**Work required**: All of the records below should be retyped exactly, with no pictures included.

**Materials provided**:

☆ ☆ ☆ ☆ ☆

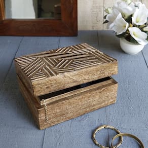 A Store Indya traz a você uma maneira de apreciar as pequenas coisas da sua vida com a caixa de armazenamento de madeira rústica. Habilmente feito à mão por artesãos indianos de Saharanpur. Possui um padrão exclusivo gravado na parte superior com detalhes impecáveis. Se você sempre quis ter sua própria caixa de armazenamento pessoal para manter seus objetos de valor, então esta é a melhor para você. Esta caixa de madeira é uma combinação de criatividade e força, pois é feita de madeira natural e altamente durável. De bugigangas, brincos, anéis a relíquias, você pode armazenar tudo o que quiser nesta caixa multiuso. Ele vem com uma tampa de encaixe firme que garante que nenhum item armazenado caia. Se for o aniversário da sua namorada ou esposa, então você pode colecionar lindas bugigangas nesta caixa e surpreendê-la, ela definitivamente vai adorar!
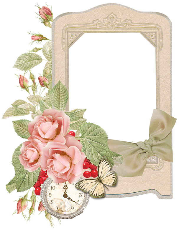 This Frame: "Cream PNG Frame with Clock and Roses" is part of
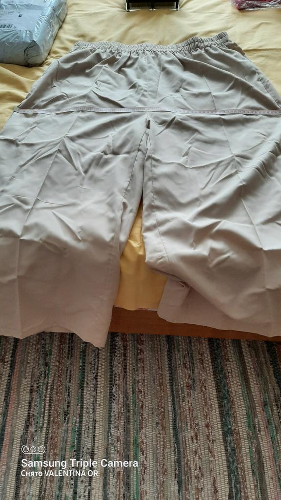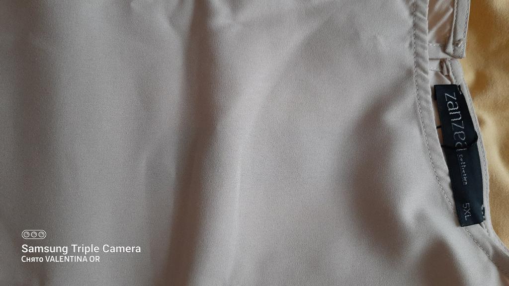 Пошив качественный и цвет красивый. Ткань тонкая .Костюм нужно доводить до своих размеров. Обычно мне подходит 5XL или 4XL. У продавца в описании ог 128, от 94, ОБ 137 ( самом деле даже 140 см) . Вообщем огромные штаны, внизу ширина штанины 39×2= 78см. Верх блуза ог 128 соответствует, но руки с трудом входят в рукава 21 ×2=42 см. У кого руки, предплечие больше Вам не подойдет этот костюм. Да еще и тратиться нести брюки ушивать. А блузу уже ничем не исправишь брала из-за блузы, она мне понравилась...1209 руб на ветер. Брюки большемерят, блуза маломерит.
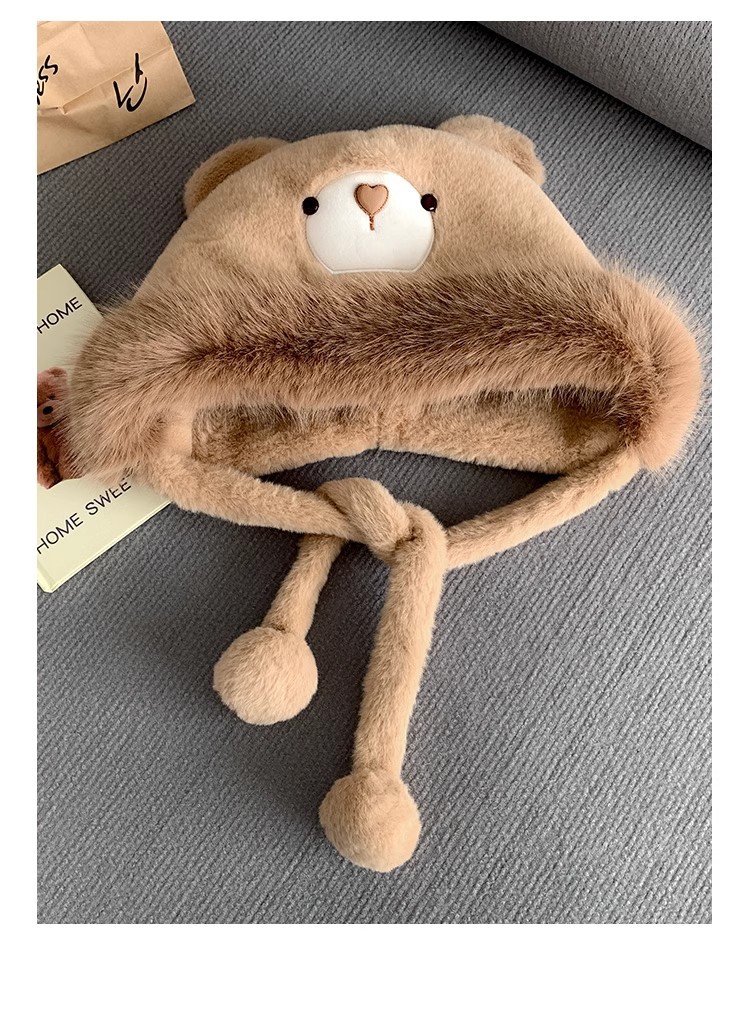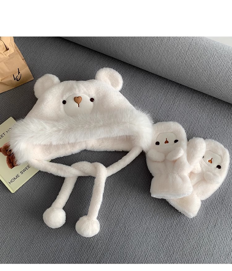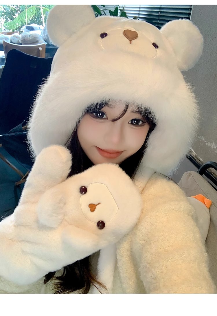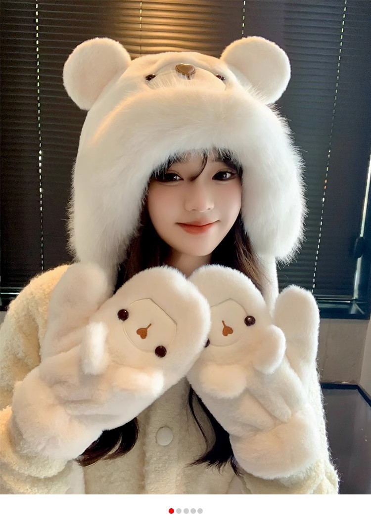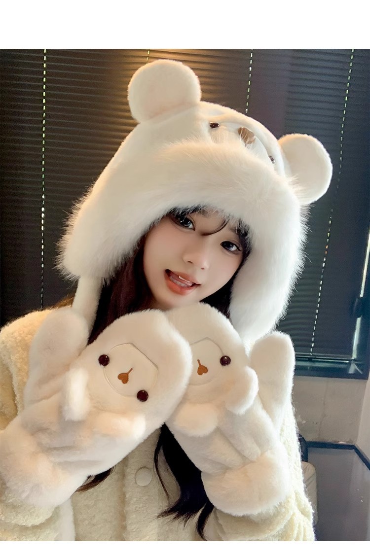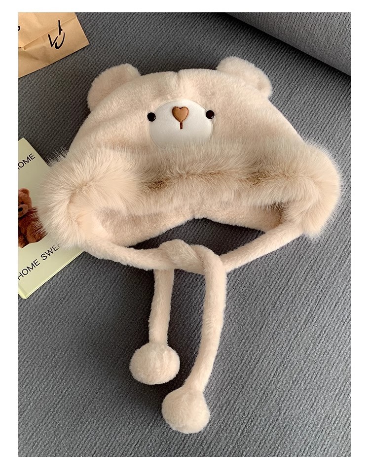 毛绒小熊耳朵帽子女秋冬季加厚保暖护耳套头帽可爱雷锋帽骑车手套
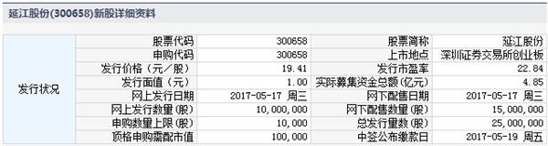 根据交易所公告,厦门延江新材料股份有限公司于2017年5月17日进行网上和网下申购。本次公开发行股票总数量为2,500万股。回拨机制启动前,网下初始发行数量为1,500万股,占本次发行总股数的60%;网上初始发行数量为1,000 万股,占本次发行总股数的40%。
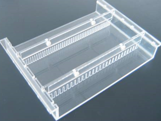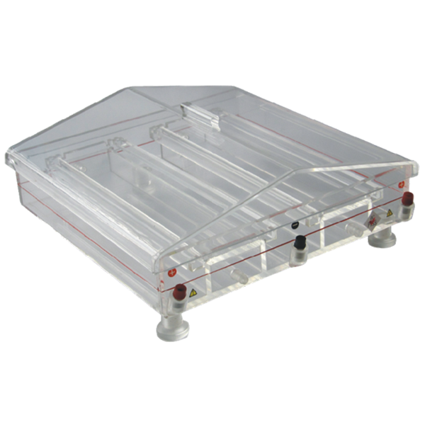 1 琼脂糖凝胶电泳 琼脂糖凝胶电泳:用琼脂糖凝胶作为支持物的电泳法,借助琼脂糖凝胶中的分子筛作用,核酸片段因为分子量不同,电泳速度有差异而分离。 电泳槽—一体注塑成型,结实抗摔 凝胶托盘—耐高温透紫外 电极架—可拆卸,可更换 铂金丝—加粗铂金丝 电极头—可兼容几乎所有电源 可一次最多做306个样品,专为多样品、高通量分析而研发 可用于Southern杂交、Northern杂交、RFLP等 支持8道和12道排枪高通量加样 推荐电源:BG-Power 600 2 免疫电泳、纸电泳、醋酸纤维素薄膜电泳 免疫电泳(immune electrophoresis)是将琼脂电泳和双向琼脂扩散结合起来,用于分析抗原组成的一种定性方法。 纸电泳是根据电泳现象在渗透了缓冲液的滤纸加上电场使物质移动的电泳法。也就是把样品以带状加在作为支持体的滤纸内来检测其移动和分离的方法。纸电泳是药典中推荐的电泳方法。 醋酸纤维薄膜电泳是以醋酸纤维薄膜为支持物的电泳方法,广泛用于血清蛋白,血红蛋白,球蛋白,脂蛋白,糖蛋 白,甲胎蛋白,类固醇激素及同工酶等的分离分析。 可用于纸电泳、醋酸纤维素薄膜电泳、免疫电泳 免疫电泳:可做1~20块载玻片 醋酸纤维素薄膜电泳:2×8cm,可做1~24条;7×9cm,可做1~6条;8×12cm,可做1~6条 3根电极1负2正,支持两组电泳实验 3 可见光透射电泳 可见光透射电泳:用琼脂糖凝胶作为支持物的电泳法,同时电泳槽下方有透射仪,上方有观察窗,可随时随地观察电泳条带。 蓝光光源,配合安全染料,健康环保 在电泳同时可对电泳进行实时观测 整套仪器可以进行拆分,可以一机三用 采用半导体发光技术,具有功耗低、产热少、寿命长等优点 百晶生物 深耕电泳领域16年! 更多相关产品信息可添加技术人员企业微信!
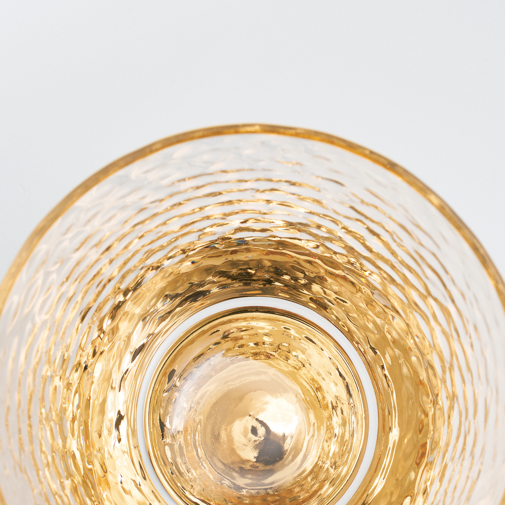 光を受けてキラキラと輝く美しいグラスに煌びやかな金色が反射して多彩な表情を見せます。
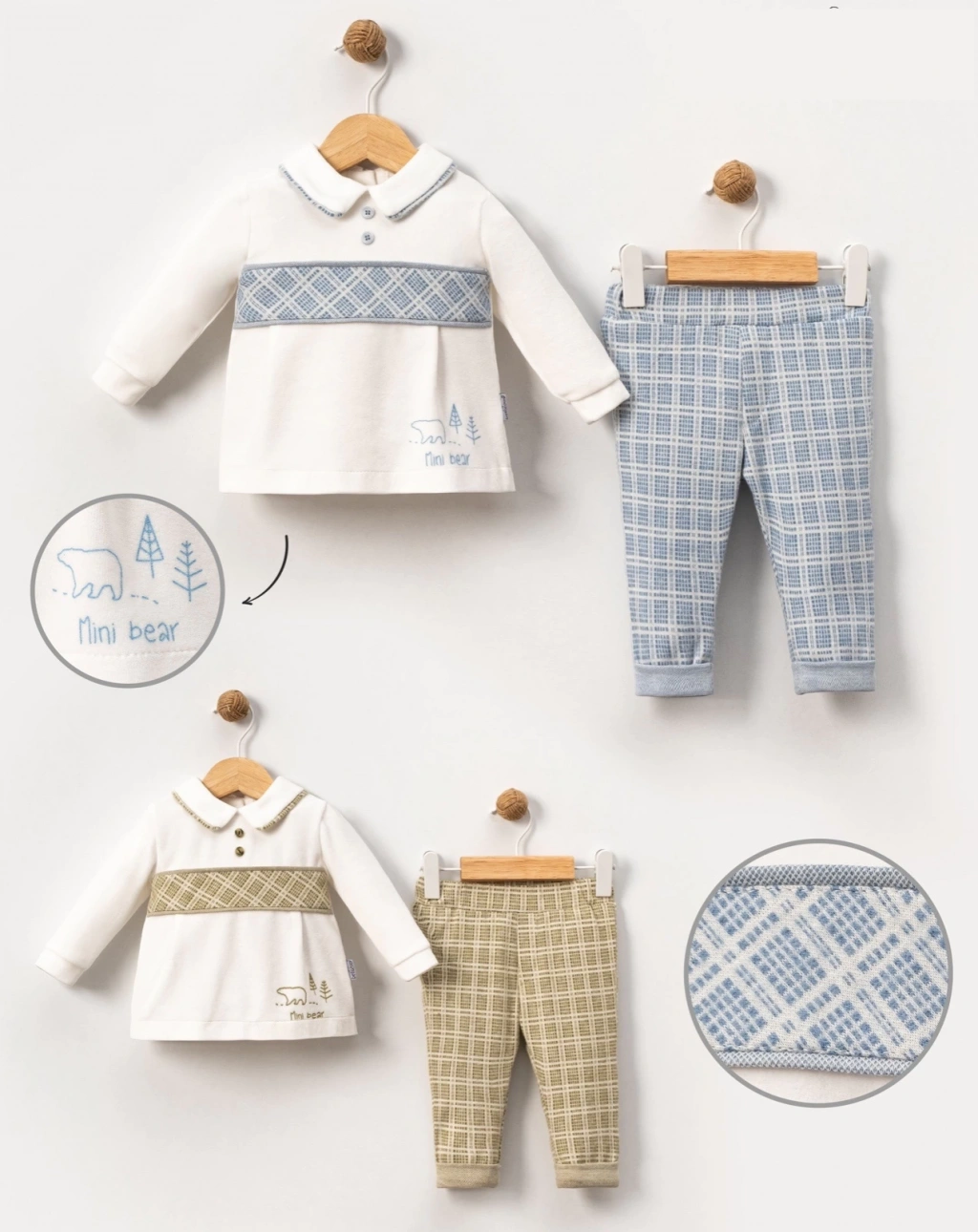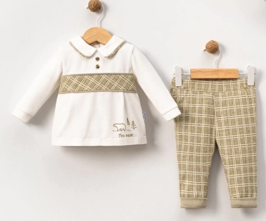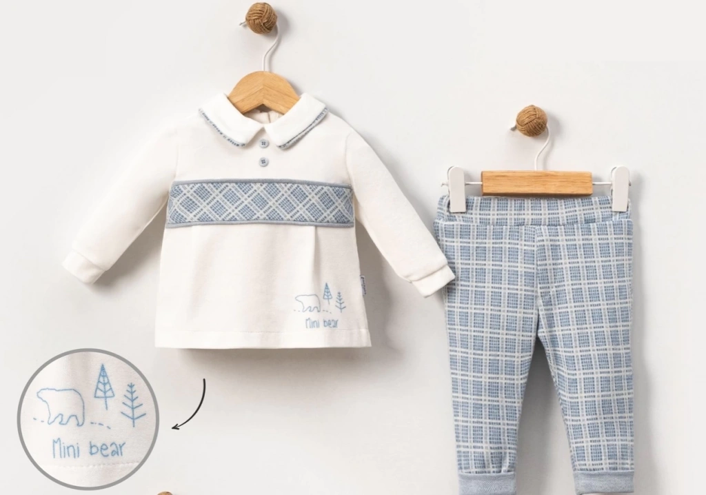 Eşsiz ayıcıklı nakış detayları, takımı daha şirin hale getirir.

☆ ☆ ☆ ☆ ☆

**Solved problem**:
 A Store Indya traz a você uma maneira de apreciar as pequenas coisas da sua vida com a caixa de armazenamento de madeira rústica. Habilmente feito à mão por artesãos indianos de Saharanpur. Possui um padrão exclusivo gravado na parte superior com detalhes impecáveis. Se você sempre quis ter sua própria caixa de armazenamento pessoal para manter seus objetos de valor, então esta é a melhor para você. Esta caixa de madeira é uma combinação de criatividade e força, pois é feita de madeira natural e altamente durável. De bugigangas, brincos, anéis a relíquias, você pode armazenar tudo o que quiser nesta caixa multiuso. Ele vem com uma tampa de encaixe firme que garante que nenhum item armazenado caia. Se for o aniversário da sua namorada ou esposa, então você pode colecionar lindas bugigangas nesta caixa e surpreendê-la, ela definitivamente vai adorar!
 This Frame: "Cream PNG Frame with Clock and Roses" is part of
 Пошив качественный и цвет красивый. Ткань тонкая .Костюм нужно доводить до своих размеров. Обычно мне подходит 5XL или 4XL. У продавца в описании ог 128, от 94, ОБ 137 ( самом деле даже 140 см) . Вообщем огромные штаны, внизу ширина штанины 39×2= 78см. Верх блуза ог 128 соответствует, но руки с трудом входят в рукава 21 ×2=42 см. У кого руки, предплечие больше Вам не подойдет этот костюм. Да еще и тратиться нести брюки ушивать. А блузу уже ничем не исправишь брала из-за блузы, она мне понравилась...1209 руб на ветер. Брюки большемерят, блуза маломерит.
 毛绒小熊耳朵帽子女秋冬季加厚保暖护耳套头帽可爱雷锋帽骑车手套
 根据交易所公告,厦门延江新材料股份有限公司于2017年5月17日进行网上和网下申购。本次公开发行股票总数量为2,500万股。回拨机制启动前,网下初始发行数量为1,500万股,占本次发行总股数的60%;网上初始发行数量为1,000 万股,占本次发行总股数的40%。
 1 琼脂糖凝胶电泳 琼脂糖凝胶电泳:用琼脂糖凝胶作为支持物的电泳法,借助琼脂糖凝胶中的分子筛作用,核酸片段因为分子量不同,电泳速度有差异而分离。 电泳槽—一体注塑成型,结实抗摔 凝胶托盘—耐高温透紫外 电极架—可拆卸,可更换 铂金丝—加粗铂金丝 电极头—可兼容几乎所有电源 可一次最多做306个样品,专为多样品、高通量分析而研发 可用于Southern杂交、Northern杂交、RFLP等 支持8道和12道排枪高通量加样 推荐电源:BG-Power 600 2 免疫电泳、纸电泳、醋酸纤维素薄膜电泳 免疫电泳(immune electrophoresis)是将琼脂电泳和双向琼脂扩散结合起来,用于分析抗原组成的一种定性方法。 纸电泳是根据电泳现象在渗透了缓冲液的滤纸加上电场使物质移动的电泳法。也就是把样品以带状加在作为支持体的滤纸内来检测其移动和分离的方法。纸电泳是药典中推荐的电泳方法。 醋酸纤维薄膜电泳是以醋酸纤维薄膜为支持物的电泳方法,广泛用于血清蛋白,血红蛋白,球蛋白,脂蛋白,糖蛋 白,甲胎蛋白,类固醇激素及同工酶等的分离分析。 可用于纸电泳、醋酸纤维素薄膜电泳、免疫电泳 免疫电泳:可做1~20块载玻片 醋酸纤维素薄膜电泳:2×8cm,可做1~24条;7×9cm,可做1~6条;8×12cm,可做1~6条 3根电极1负2正,支持两组电泳实验 3 可见光透射电泳 可见光透射电泳:用琼脂糖凝胶作为支持物的电泳法,同时电泳槽下方有透射仪,上方有观察窗,可随时随地观察电泳条带。 蓝光光源,配合安全染料,健康环保 在电泳同时可对电泳进行实时观测 整套仪器可以进行拆分,可以一机三用 采用半导体发光技术,具有功耗低、产热少、寿命长等优点 百晶生物 深耕电泳领域16年! 更多相关产品信息可添加技术人员企业微信!
 光を受けてキラキラと輝く美しいグラスに煌びやかな金色が反射して多彩な表情を見せます。
 Eşsiz ayıcıklı nakış detayları, takımı daha şirin hale getirir.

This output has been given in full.